You're absolutely not wrong to feel upset by this. It doesn't mean either of you were a bad friend or that the friendship wasn't real when it was there. It's just that she considers it over for some reason, and you didn't, and there was no good way for her to communicate that. There will be other friends, some of whom will be in your life longer than others. Keep working on this with your therapist, and definitely bring up this specific incident. In the meantime, keep meeting new people, and allow friendships to slowly grow, but remember that it does take a lot of time and patience, and nothing's wrong with you.

(Something else to consider: In both my dumper and dumpee situations, there was a sort of imbalance: the dumpee seemed to need the friendship a lot more than the dumper. When I was friend-dumped, I almost certainly had undiagnosed and untreated depression, plus I had a terrible soul-sucking job and was having trouble getting over a breakup, and my friend circle at the time was really small - all of which led to my leaning on this one friend a lot more than I should have, and he just couldn't take it anymore. Which might make him seem like a terrible person, but I can empathize: we're not equipped to be one person's entire support system. This may not apply to you, and if it does, it still doesn't make either of you a bad friend. But it never hurts to take stock of a relationship (of any sort) and figure out if you're giving as much as you're taking, or vice versa. I didn't realize how excessively I depended on my friend until he was gone.)
posted by Metroid Baby at 9:57 AM on January 11, 2014 [2 favorites]


I feel her email is passive-aggressive somewhat, because of the distancing/icing out that your mutual friends are doing. It obviously goes deeper than 'we're just different people' -- because nothing prevents them from still being your friend or even knowing what's up between you two-- unless she's told them and they view it as a loyalty thing. Otherwise, why would they be distant too?

It sucks but unfortunately, people are judgmental sometimes and friendship doesn't make someone immune to that. I find that people often think they have others all figured out and understand their motivations. Sometimes, it's actually knowing someone well that cements erroneous opinions. Because you know them so long, you start to assume you understand them completely -- and suddenly it's really easy to judge someone for that. "She's so lazy, I know all she does is x," when the reality may be debilitating depression, etc. Because you feel you know them, you actually start lacking compassion for them, and such.

Occasionally, you meet 'friends' who are good at faking it. They hide all their animosity inside, acting like they're your best friend, when they're at odds with you. These are the friends that badmouth you, and they're the most toxic of all. I can't tell you what makes people dislike other people. Sometimes it's secret jealousy. Sometimes it's insecurity. Some people have an instinct to attack those they deem lesser or deferent. Those people don't do well with people who are weak or vulnerable, and they often treat them shabbily instead of being kind to them. I have a feeling it might be something like that with you.
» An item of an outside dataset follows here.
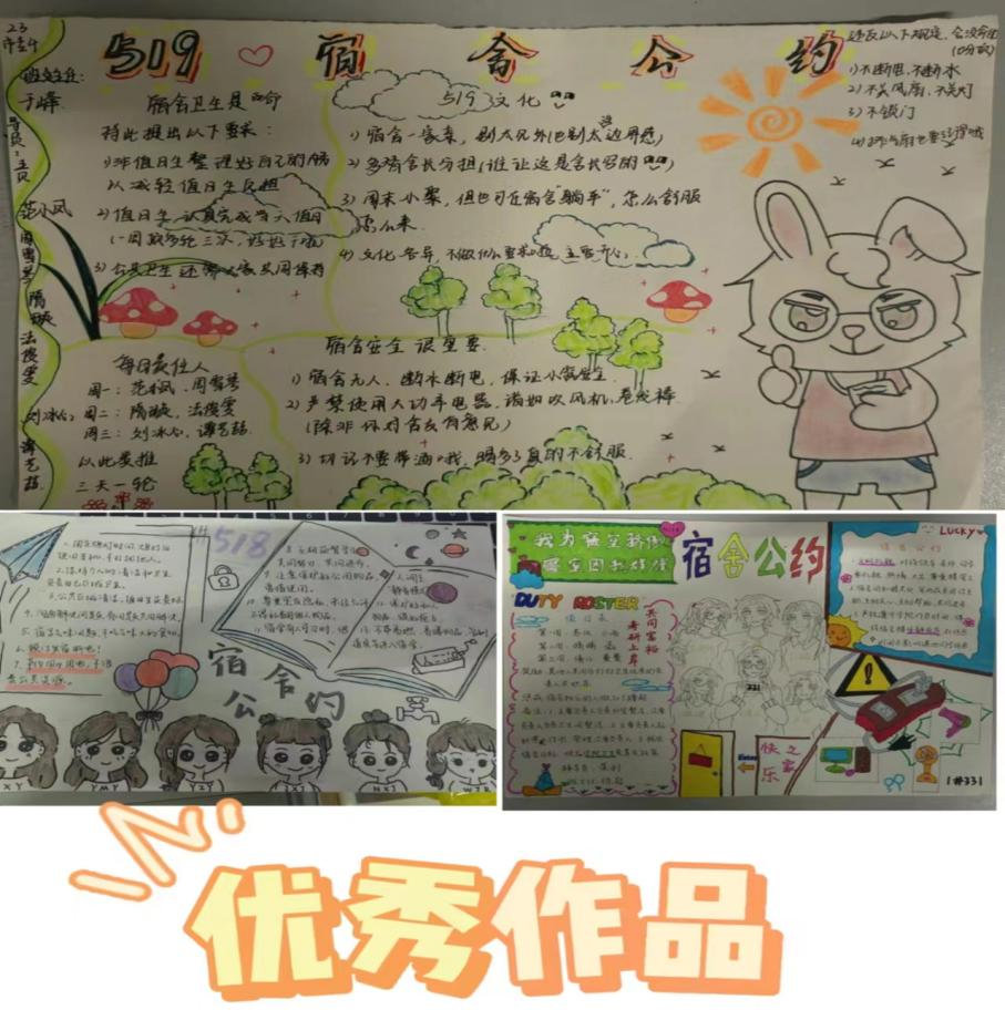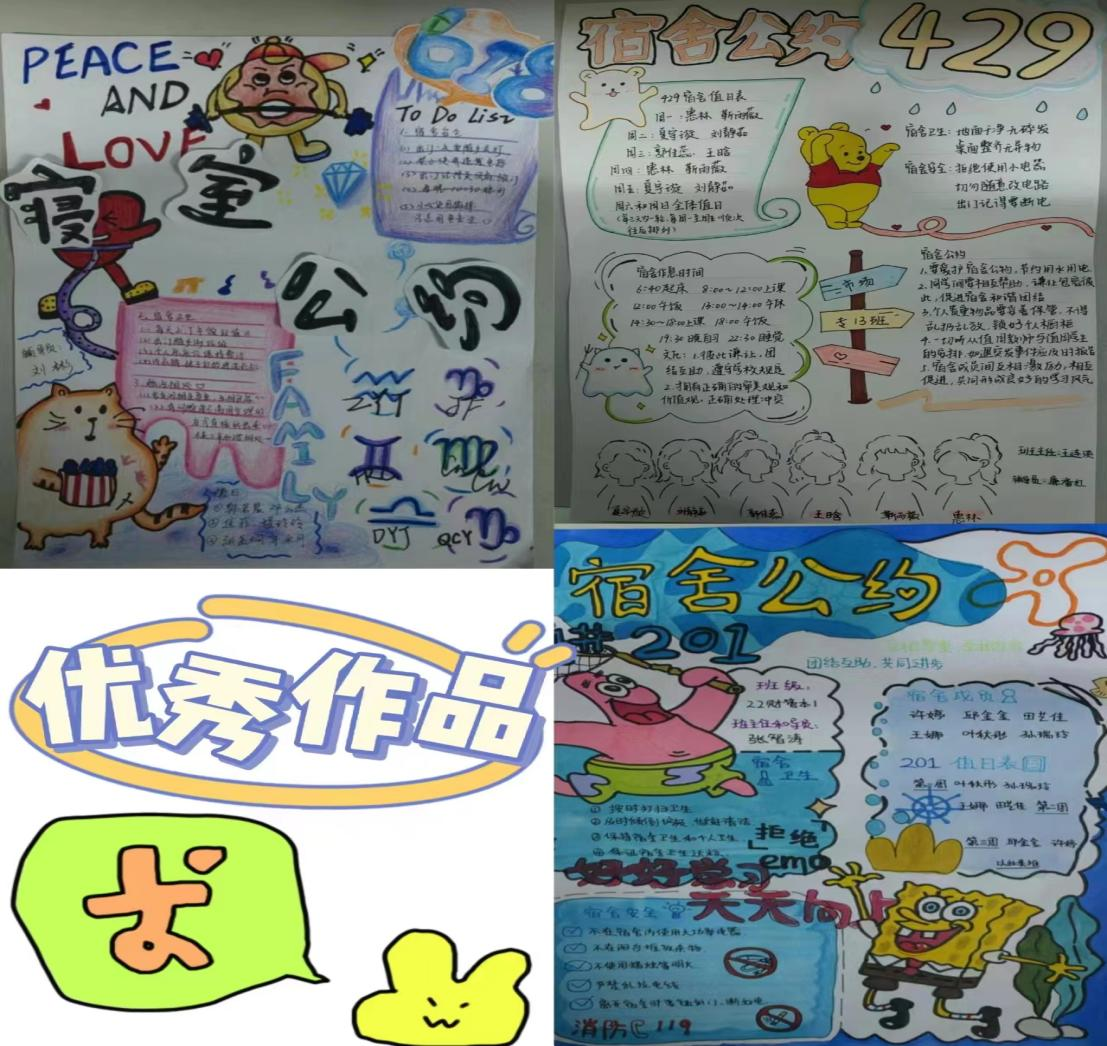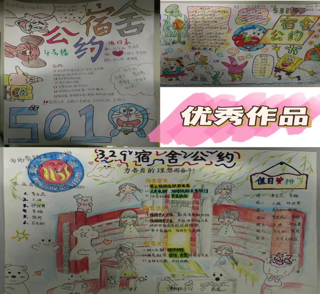 活动过程中,2023级各宿舍本着“用规则营造温馨氛围,用公约构建和谐宿舍”的宗旨,以多种多样的形式围绕宿舍卫生、校规校纪、学习氛围、作息时间、矛盾处理方式等方面设计宿舍公约,让宿舍成为一个有规范的空间。同学们踊跃报名,积极参与到比赛中,团结协作,各展所长,公约的内容可谓是“百花齐放”:有的设计的是自我卡通形象,有的是中国风的插画,有的是立体的字形设计等,充分展现了经管学子们积极向上的精神面貌!本次活动共收到97份作品,并最终评选出贴近生活、具可操作性、有约束力及有创意的公约22份。
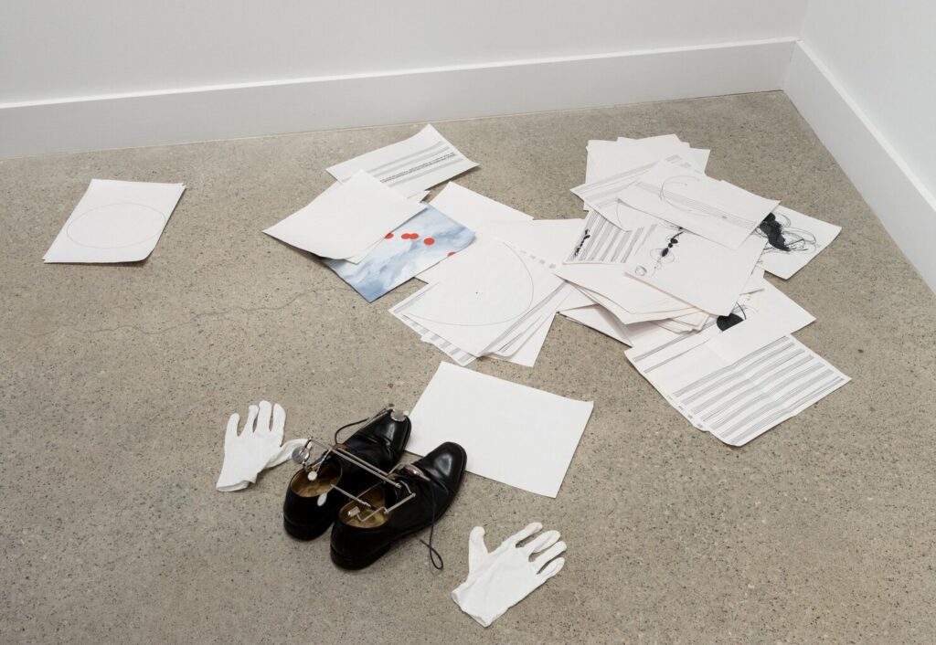 Goblins, a floor installation consisting mainly of strewn bar line paper, shoes, and white gloves suggest an invisible conductor, the imagined possibilities ranging from anything between Leonard Bernstein to Disney’s Mickey Mouse of Fantasia.

I come across as flaky and hermit-like-- I am bad at keeping in touch, but it's not because I don't care or like my friends. Unfortunately, some of my past friends have taken my introversion personally, and though I admit there are times I am a bad friend, my absences aren't about them. Partly because of this, my best friend since I was 8 ditched me as a friend recently. I won't get into it, suffice to say I didn't really deserve it. I can understand what she thought was happening, but, it wasn't reality. I also believe her opinion was swayed by someone she vented to about me-- I got the feeling people were chiming in with, 'if she was your friend, she'd be around more,' talk.

In my case, I found it important to remind myself that I hadn't really done anything wrong. That I had nothing to feel guilty about. That I didn't have to analyze what I did or didn't do because that she should have talked to me if she was hurt and felt I was making excuses (I wasn't). Instead of saying 'don't bother!' -- because that's what friends do. I apologized and expressed my regret, and she didn't even reply to me. I deserved that reply.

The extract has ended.